Researchers working in British-influenced colonies, or in the British Isles themselves, would do well to remember the various units of currency (coinage) and how they may have been referenced in deeds, wills, inventories or transactions.
In the period immediately preceding decimalization in 1971, coinage in the UK worked something like this:
half penny, 1/2d
tuppence (slang, not a coin) 2d
three pence, 3d -- in its last incarnation, a brass, octagonal-shaped coin
shilling, 12d or 1s; one-twentieth of a pound sterling (£); slang: "bob"
florin, 24d or 2s; one-tenth of a pound sterling
half crown, 30d, 2s/6d; generally speaking, the largest coin typically circulated; slang "half dollar"
crown, 60d, 5s; typically used as a commemorative coin
10s notes (one half pound) were issued in addition to £1, 5, 10 notes
£1 was known, colloqiually, as "a quid"
£1 = 20 shillings = 240 pence; abbreviations sometimes written in columnar headings as £/s/d
In the earliest days after the changeover, the old coinage circulated as follows:
half-penny, £.005 (decimal)
penny £.01, or 1p
two pence, £.02, 2p
five pence, £.05, 5p; originally sized identical to the old shilling coin (one-twentieth of a pound)
ten pence, £.10, 10p; originally sized identical to the old florin (one-tenth of a pound)

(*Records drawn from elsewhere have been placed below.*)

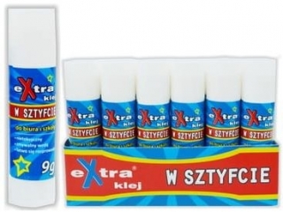 KLEJ W SZTYFCIE 15 G (ZIELONY LUB EXTRA KLEJ) [opakowanie=24szt]- nietoksyczny - zmywalny wodą - łatwo się rozprowadza - idelany do biura i szkoły |
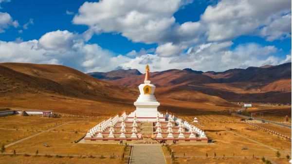 早餐后從新龍縣城出發 沿著峽谷而上 經過甘孜縣城翻越海拔4600米的埡口到達色達縣城 午餐后前往天葬臺參觀  色達,意為“金馬”,相傳在縣城所在地“色塘”發現一馬形黃金而得名,故名金馬草原。入住縣城酒店休息。
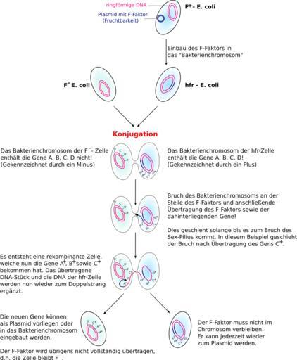 Keywords: Konjugation-hfr-ecoli.svg en Simple drawing of konjugation between hfr and f- E Coli own Lanzi 2010-09-23 Genetics Escherichia coli
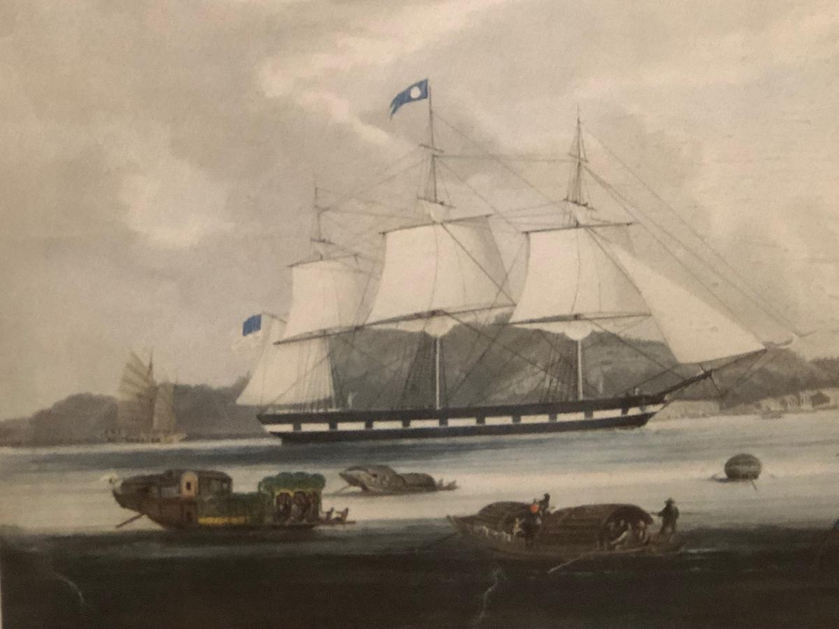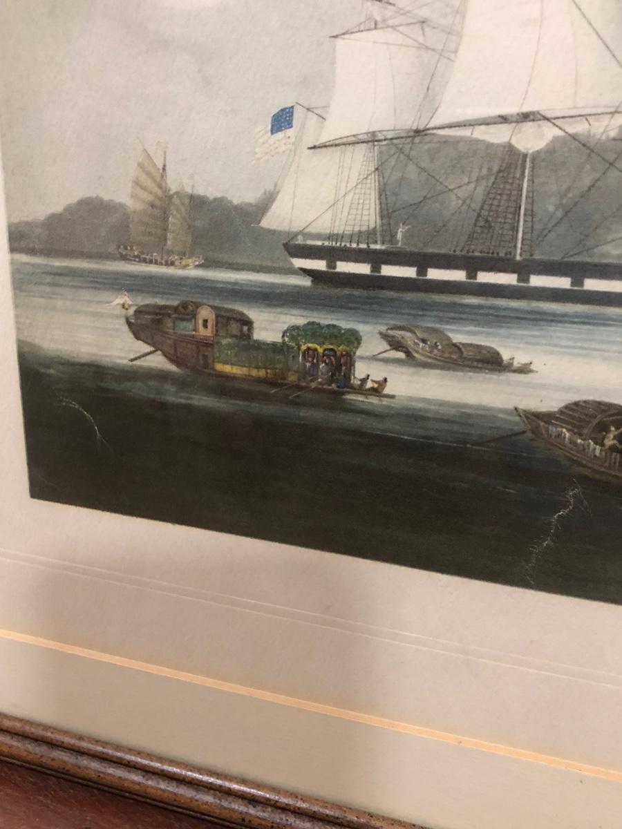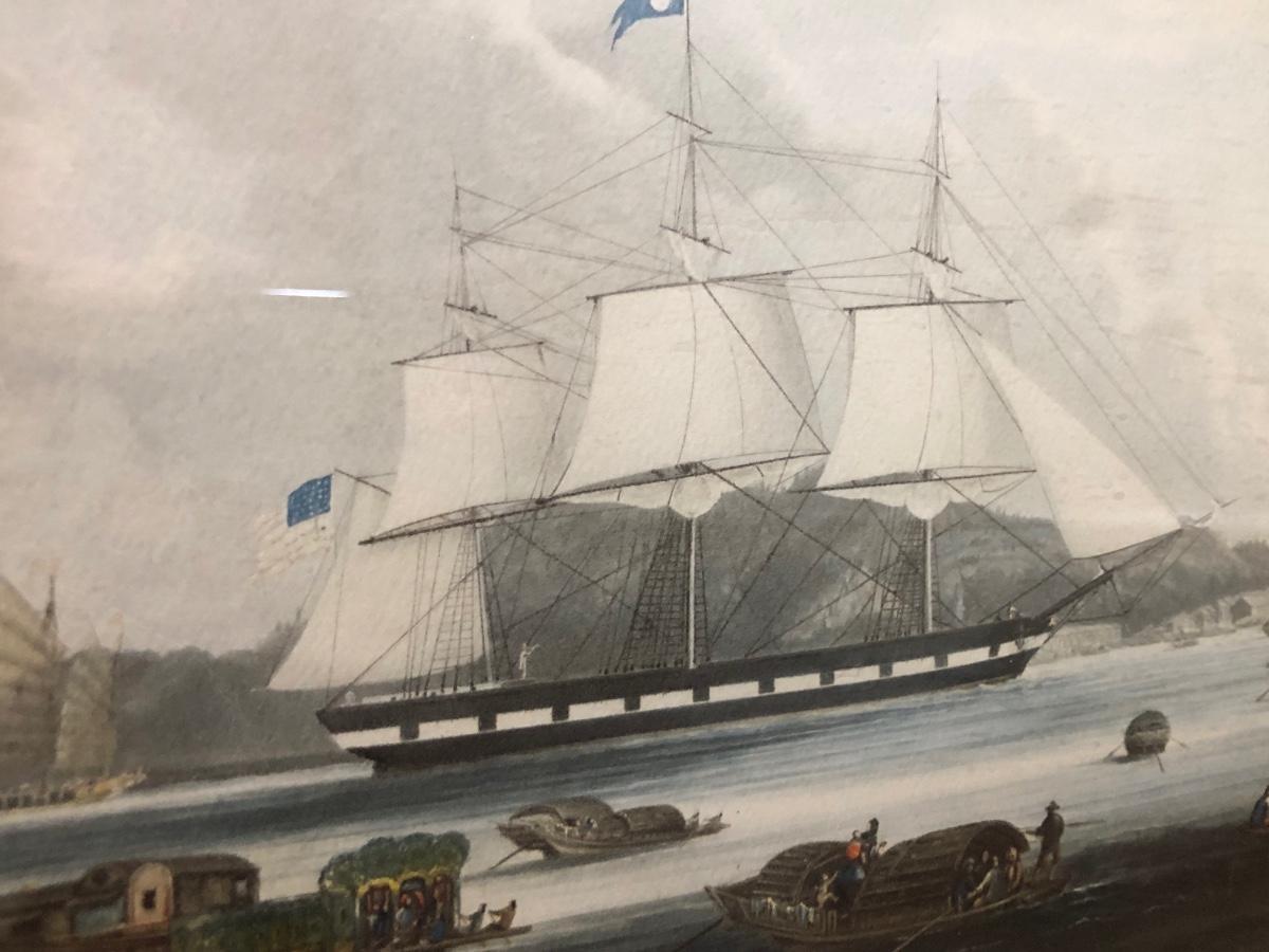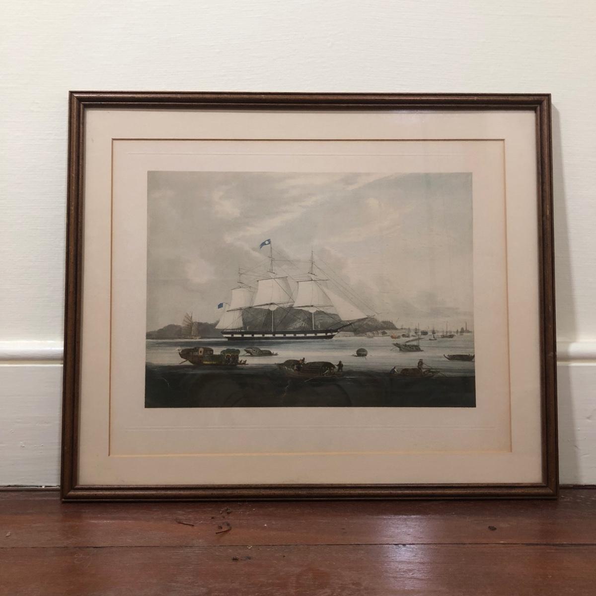 Clipper ship print measures 18 x 14.5 inches and canvas measures 28 x 20 inches.

twenty pence, £.20, 20p; introduced in 1982
fifty pence, £.50, 50p; a large, seven-sided coin
£1 coin, introduced in 1983 to replace the pound note
£2 coin, introduced in 1997 in current form; at several times in the 1980s, the value was assigned to particular commemorative coins
£5 coin, used exclusively as a commemorative coin since the 1990s; sized like the pre-decimalization crown
A "guinea" was a trade coin, valued at 21 shillings; a gold sovereign was a one-pound coin; a half sovereign was a gold coin worth 10 shillings.